Volunteers in Mexico City have organized over social media to direct relief efforts to where they’re most needed after the most deadly series of earthquakes in three decades.
Two deaths resulting from a strong aftershock Sunday brought the death toll to 318 since a magnitude-8.1 quake that battered the Oaxaca region Sept. 7. Sunday’s tremor sowed fear across the country, and a column of ash rose above the Popocatepetl volcano near Mexico City.
Another strong earthquake registering magnitude 7.1 leveled buildings across the Mexican capital Tuesday.
Gisela Pérez de Acha, a human rights lawyer and journalist, described the volunteer effort from the Centro Horizontal, a cultural center where she works, and where she has been helping to coordinate relief efforts with 50 other volunteers since Tuesday.
Previously: Mexico City quake rescuers frantically search for those still alive under school rubble
“We’re covering a governmental void and we’re getting resources where they are needed,” Pérez de Acha told USA TODAY by telephone.
The Mexican government has asked to integrate her group’s real-time maps with their own and is now using them to direct their own efforts, she said.
The latest tremor, registering 6.1, struck on Sunday off the west coast, with its epicenter 62 miles south-southwest of Tonala, in Chiapas, according to Reuters.
The government of Oaxaca state reported that several homes collapsed. A woman was crushed to death when a wall in her home buckled in the town of Asuncion Ixtaltepec, and a man died after a wall fell on him in San Blas Atempa, the Associated Press reported.
Many more quakes are likely, warned Xyoli Perez Campos, director of Mexico’s National Seismological Service, who said more than 4,300 aftershocks have already been counted.
At least 30 people are still believed to be buried in rubble, Mexico City Mayor Angel Mancera said.
“Homes that were still standing just fell down,” Bettina Cruz, a resident of Juchitan in Oaxaca, told the AP by phone, her voice still shaking. “It’s hard. We are all in the streets.”
Mexican President Enrique Peña Nieto on Saturday tweeted while reviewing the damage in Oaxaca state: “At the moment the greatest damage has been to the Ixtaltepec bridge, which should be rebuilt, and structures with previous damage that collapsed.”
He said government workers were fanning out in Juchitan to provide help to anyone who needs it.

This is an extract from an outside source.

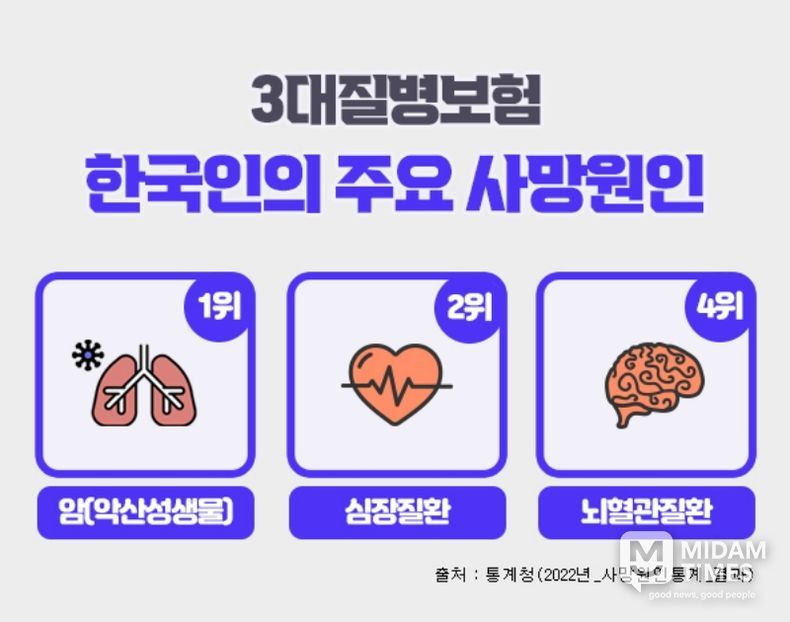 미담타임스 김준완 기자 | 흔히 3대질병이라 일컫는 암, 심혈관질환, 뇌혈관질환은 통계청 발표자료에 따르면 한국인의 주요 사망원인 중에서 3위 폐렴을 제외하고 1~4위를 차지하고 있으며, 이전부터 지금까지도 살면서 가장 먼저 대비해야 하는 치명적인 질병으로 강조되고 있다. 이러한 중대질병에 대비하기 위하여 상기 세가지 치명적인 질병을 집중보장하는 3대질병진단비보험을 많이 가입하고 있다. 3대진단비보험은 각각의 질병을 중점적으로 보장하면서도 가입자 특성에 맞는 특약을 추가함으로써 종합건강보험으로도 활용할 수가 있다.

He later tweeted that he was evaluating the damage from the Sept. 7 temblor in the town of Jiquipilas in the state of Chiapas, which borders Guatemala.
Pérez de Acha, the volunteer coordinator in Mexico City, said she and others are “trying to help wherever we can in a city where, at least in my neighborhood, there are fallen buildings every four or five blocks.”

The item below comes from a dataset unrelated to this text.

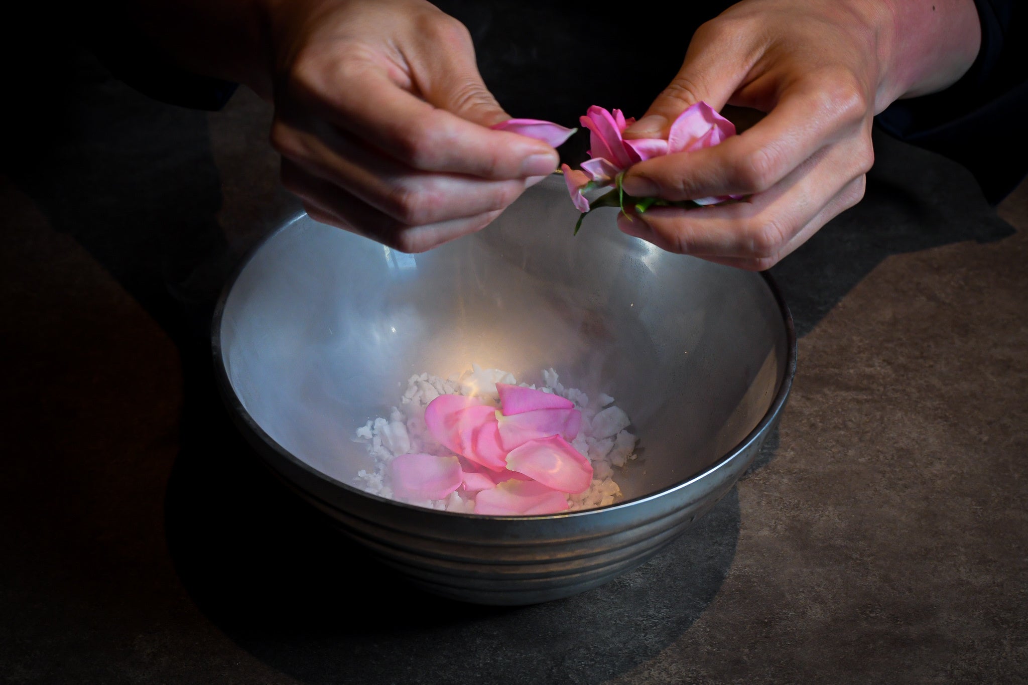 創造的であたらしい花食体験「美味しい花体験」の創作に取り組むエディブルフラワー研究所。花のポテンシャルを最大限に引き出した「飾り以外」の創造性を追い求めて、各業界のトップクリエイターとコラボレーションを展開します。今回はVERT(神楽坂)の田中 俊大シェフによるバラ香るデザートが生まれました。

People are suffering from a sense of loss, worry and disorientation to the point of dizziness, she said. “If an ambulance goes through the street we all relate it to the sound of the alarm, and people jump and are startled.”

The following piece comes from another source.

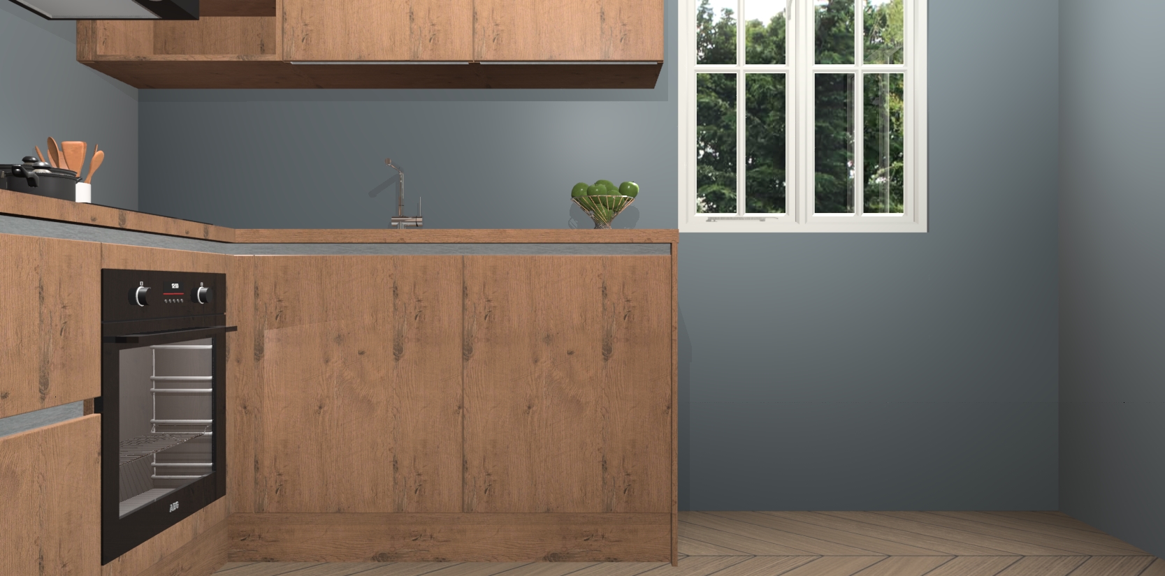 Dit model biedt u voldoende opbergruimte en vijf ingebouwde apparaten: een oven, inductiekookplaat, afzuigkap, vaatwasser en koelkast. Deze apparaten kunnen gemakkelijk worden geüpgrade naar AEG nadat u besteld heeft. De verschillende laden en kastjes bevatten softclose-deuren waardoor ze gezellig dichtvallen met een geruststellend helemaal geruisloos geluid. En dat is nog niet alles! We garanderen ook dat de prijs altijd laag blijft - dus haal nu uw Astoria Eiken greeploze keuken Krakau terwijl het kan.

She and others sprang into action the day after Tuesday’s quake, when it became clear that rumor and misinformation were causing people to rush to locations to provide help or supplies where none was needed.
Using a Google forum, they created a database of requests and a database of people with supplies and services they can provide, which they verified and then matched.
A tweet from the center on Sunday showed “a house full of volunteers” working to connect requests with supplies on a real-time, verified map.
The goal is “to connect one with the other so citizens who want to help know where to go, and to direct them to where the help is most needed,” Pérez de Acha said. ” Now the government is using our maps to mobilize their own resources.”
While her neighborhood was hard hit, it is also among the most affluent in the capital, she said.
“We have a lot of resources here,” she said. “There are a lot of rural places very affected by the earthquake outside of Mexico city.”
Her group is working with someone who has 100 trucks that can be mobilized immediately, she said. And the needs are many: food, construction tools, shovels, camping tents for people without homes.
“Every single thing that has to do with a disaster to help people left without homes to help volunteers, from personal hygiene products to bottled water,” she said.